# 07 Oct 10 female down McClean County



## headhunter25 (Feb 21, 2010)

Well this morning started out with a bang. Hunting a new place I scouted yesterday, a friend and I set in before about 1/2 hour before daylight due to the fact that we had to cross an open field to a spot on top a knoll. I've never been one for sleeping in if there's yotes that need killing anyway. As the morning continued on and we could start seeing the tree line we detected movement about 300 yards off to our left. At first we thought it was a coyote but once we look thru the glass we realized it was a giant raccoon. I mean hugh, had to be over 30 pounds. As it's crossing the field I used a rabbit distress call to stop it so we could get a better look. It stopped for a second and moved out again. I hit the call again and it stopped and my buddy is now looking at thru his scope. I'm like "dude don't shoot that raccoon". I then notice movement to my right and there was a coyote about 35 yards right in front of me. I had crawled over to my buddies postion to mess with the raccoon so I was without my rifle. I tried to get his attention, "dude, dude.... coyote, dude" He looks at me and I'm motioning with my finger..... Oh, then blam. I laughed so hard. It was funnier if you were there. I know I use dude to much. Here's a pic of this young female pup.

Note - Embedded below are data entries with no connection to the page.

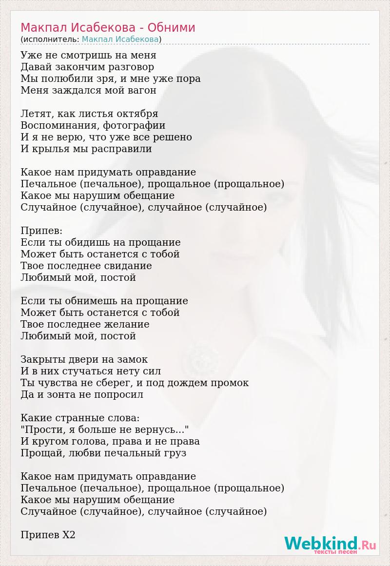 Уже не смотришь на меня Давай закончим разговор Мы полюбили зря, и мне уже пора Меня заждался мой вагон Летят, как листья октября Воспоминания, фотографии И я не верю, что уже все решено И крылья мы расправили Какое нам придумать оправдание Печальное (печальное), прощальное (прощальное) Какое мы нарушим обещание Случайное (случайное), случайное (случайное) Припев: Если ты обидишь на прощание Может быть останется с тобой Твое последнее свидание Любимый мой, постой Если ты обнимешь на прощание Может быть останется с тобой Твое последнее желание Любимый мой, постой Закрыты двери на замок И в них стучаться нету сил Ты чувства не сберег, и под дождем промок Да и зонта не попросил Какие странные слова: "Прости, я больше не вернусь..." И кругом голова, права и не права Прощай, любви печальный груз Какое нам придумать оправдание Печальное (печальное), прощальное (прощальное) Какое мы нарушим обещание Случайное (случайное), случайное (случайное) Припев Х2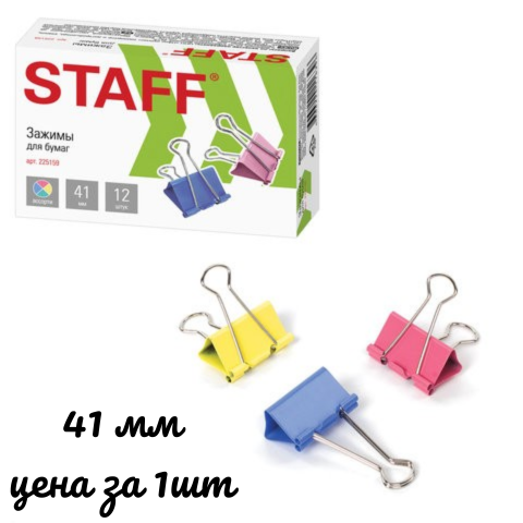 Зажимы для бумаг STAFF предназначены для скрепления документов без использования степлера.Изготовлены из стали с черным покрытием. Позволяют скреплять до 200 листов. Не деформируют бумагу. Ширина зажима - 41 мм. Поставляются по 12 штук в картонной коробке.
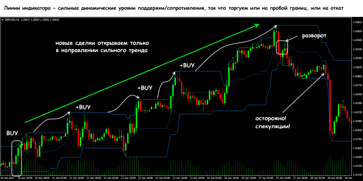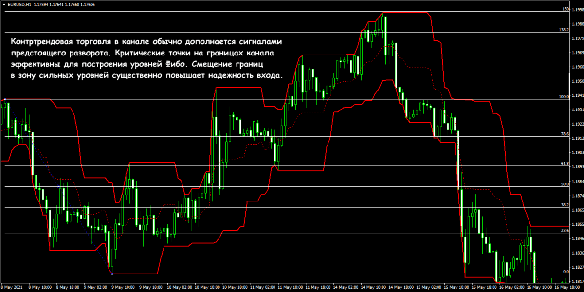Против тренда с индикатором ценового канала можно торговать только при наличии дополнительных сигналов разворота.

Second set was the coolest. Started with some long howls and some barks. Yote answered us right off the bat, then nothing. In front was a stand of trees that led to some wide open bottoms. I gave it a little time then started with a challenge bark and let the Foxpro do a couple of coy dog challenge barks. At 250 yards there stood coyote number 2. I look over and see that my friend already has his gun up and I get ready to tell him not to shoot yet and the shot rang out. Miss high and right. Coyote bails never to be seen again. It was a real pretty black one too. I start laughing at him again and really pouring it on him. He learned that next time let him come in a little closer. All in all not a bad morning amd wosh we could have gotten the other but hell we learned some stuff today. I can't wait for it to get colder and the coyotes to get hungier.

Chris C.


----------



## youngdon (Mar 10, 2010)

Good job on the one that you did get. Any day you earn something is a good day...and it's a great day if you're hunting.

Is dudes scope one of the laser range finding ones?


----------



## hassell (Feb 9, 2010)

Sounds like a good time was had by all, good shooting, nice weather, no fall colors yet?


----------



## singlesix (May 13, 2010)

Congrats, i have not seen a black one yet. Is that a burris eliminator on that bolt action you have? What kind of gun is it on?


----------



## headhunter25 (Feb 21, 2010)

Nope no fall colors yet. No rain in over a month and we have not had a good frost yet either. That scope and rifle is my friends gun. I think it's a .270 and yes it the Burris with the range finder. He just got back from Wyoming analope hunting the day before and wanted to get after some yotes. We'll be back at Monday morning. Wish I could take off this weekend. We also discussed what a bore deer hunting is going to be this year. Knowing the fact there are yotes out there that need to be ghosted....

Chris C.


----------